PROMPT: With the pictures removed, reproduce exactly the lines from the one that contains "væg, plade, bundventil" through the last line of the entries below.

PROVIDED DATA:
= Beginning of Section =

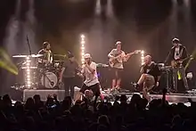 According to their own statement, Irie Révoltés aim at denouncing social ills while spreading positive energy with their music. They wants to encourage change through their socio-political engagement.[6] Amongst other things, they support the project “Respekt!”,[7] which fights against prejudice, racism, homophobia and sexism“ and are activists of “Viva con Agua de St.Pauli”, an association that works to bring clean drinking water to the “global South”. Songs as Viva con Agua and Walk with Us (ft. Gentleman) were written in order to make the concerns of the association heard. Irie Révoltés are also committed to individual actions.[8] In autumn 2009, the band appeared several times during the Bildungsstreik (student mobilization) and supported the protest together with Chaoze One offering a song for free-download. To promote the initiative “Kein Platz für Rassismus” ("No Place for Racism"), which took place in Frankfurt, Irie Révoltés have written the song Viel zu tun (There's still much to do). Focus of their social commitment is “Rollis für Afrika”, brought into being by the front man Mal Élevé in 2003 in order to help people with disabilities in Senegal. The band promotes the project organizing charity concerts, information stands and through targeted actions.[9] In spring 2012, Mal Élevé and Carlito were appointed members of the jury that first awarded the Youth Peace Prize of the German Association for the United Nations (DGVN). The prize acknowledges and promotes the engagements of young people in issues concerning the United Nations.[10]
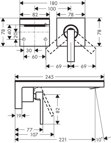 • består af: 1-grebs håndvaskarmatur til indbygning i væg, plade, bundventil
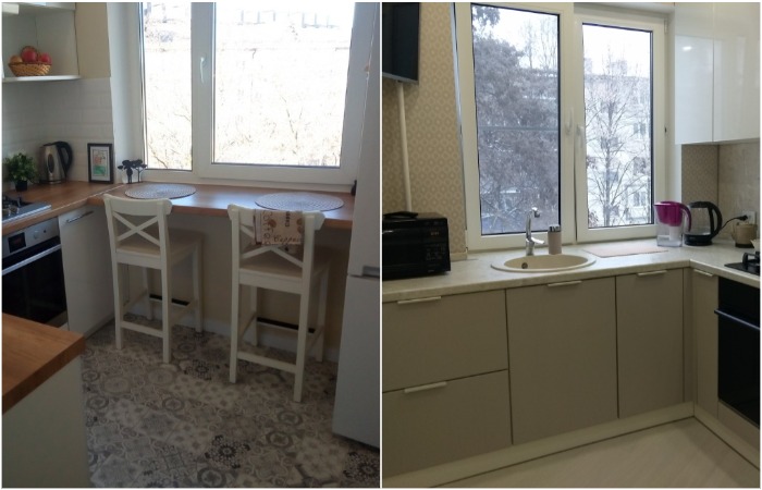 На маленькой кухне важно максимально грамотно задействовать каждый метр. Это тот самый момент, когда любая поверхность должна нести функциональную нагрузку. Не является исключением и пространство у окна. Здесь можно разместить шкафы кухонного гарнитура или столешницу, которая одновременно будет выполнять роль барной стойки. А если у вас нестандартная кухня с эркером, оформите полноценную обеденную зону. Тогда можно будет завтракать, обедать и ужинать, наслаждаясь чудесным видом из окна.
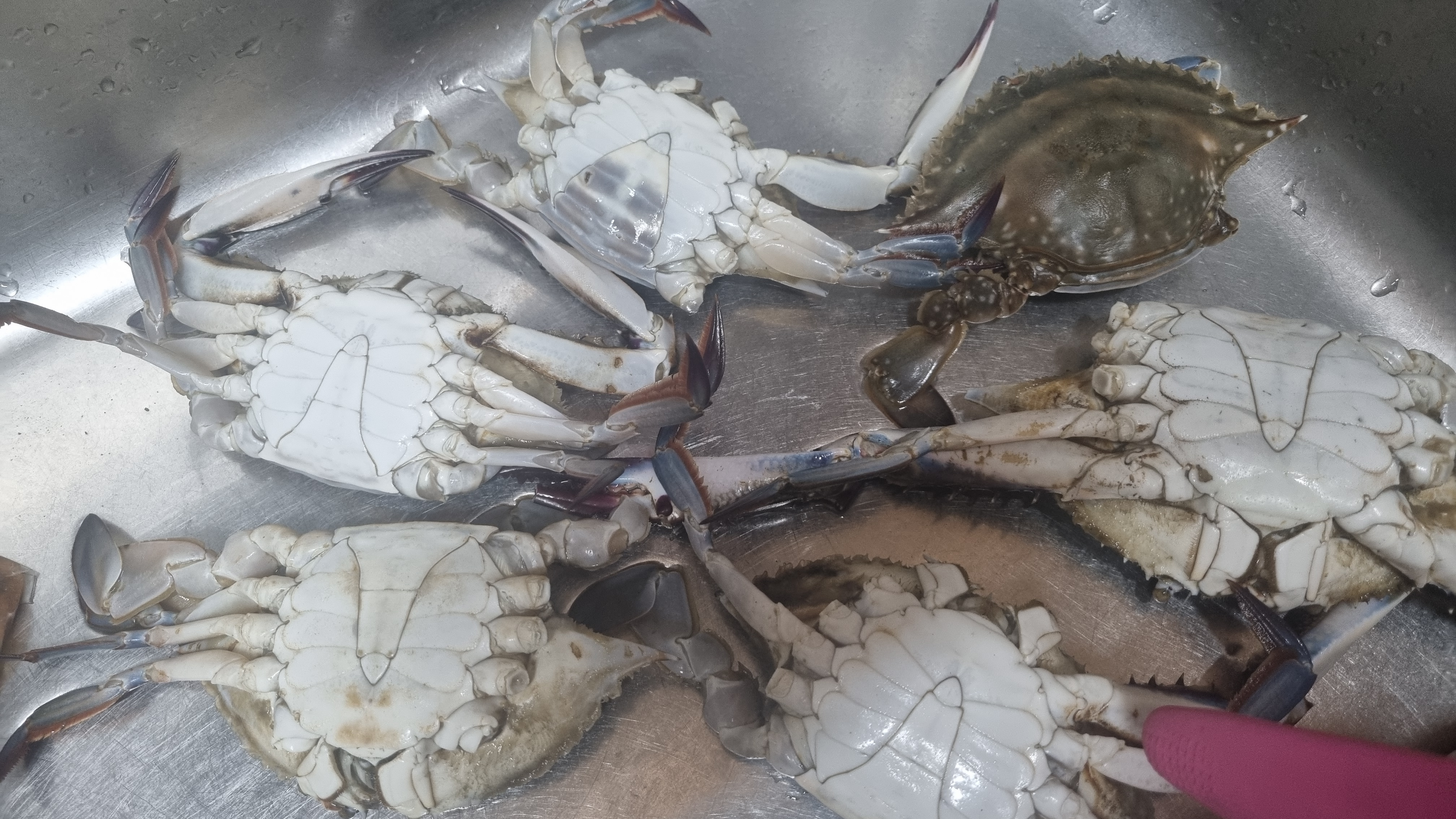 단지 씻어줘야 하는데 솔을 이용하여 하나하나 꽃게의 등과 배부분을 여러 번 문질러 주고 물로 헹구어 주곡 다리 부분도 솔로 씻어주면 되겠습니다.
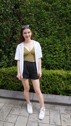 The top’s design is simple, composed of 2 cups and a waistband. The cups are made in a thick single crochet stitch, and the waistband uses a light, lacy pattern with great drape and breathability. It ties up at the back and is very easily adjustable.

= End of Section =

EXPECTED OUTPUT:
 • består af: 1-grebs håndvaskarmatur til indbygning i væg, plade, bundventil
 На маленькой кухне важно максимально грамотно задействовать каждый метр. Это тот самый момент, когда любая поверхность должна нести функциональную нагрузку. Не является исключением и пространство у окна. Здесь можно разместить шкафы кухонного гарнитура или столешницу, которая одновременно будет выполнять роль барной стойки. А если у вас нестандартная кухня с эркером, оформите полноценную обеденную зону. Тогда можно будет завтракать, обедать и ужинать, наслаждаясь чудесным видом из окна.
 단지 씻어줘야 하는데 솔을 이용하여 하나하나 꽃게의 등과 배부분을 여러 번 문질러 주고 물로 헹구어 주곡 다리 부분도 솔로 씻어주면 되겠습니다.
 The top’s design is simple, composed of 2 cups and a waistband. The cups are made in a thick single crochet stitch, and the waistband uses a light, lacy pattern with great drape and breathability. It ties up at the back and is very easily adjustable.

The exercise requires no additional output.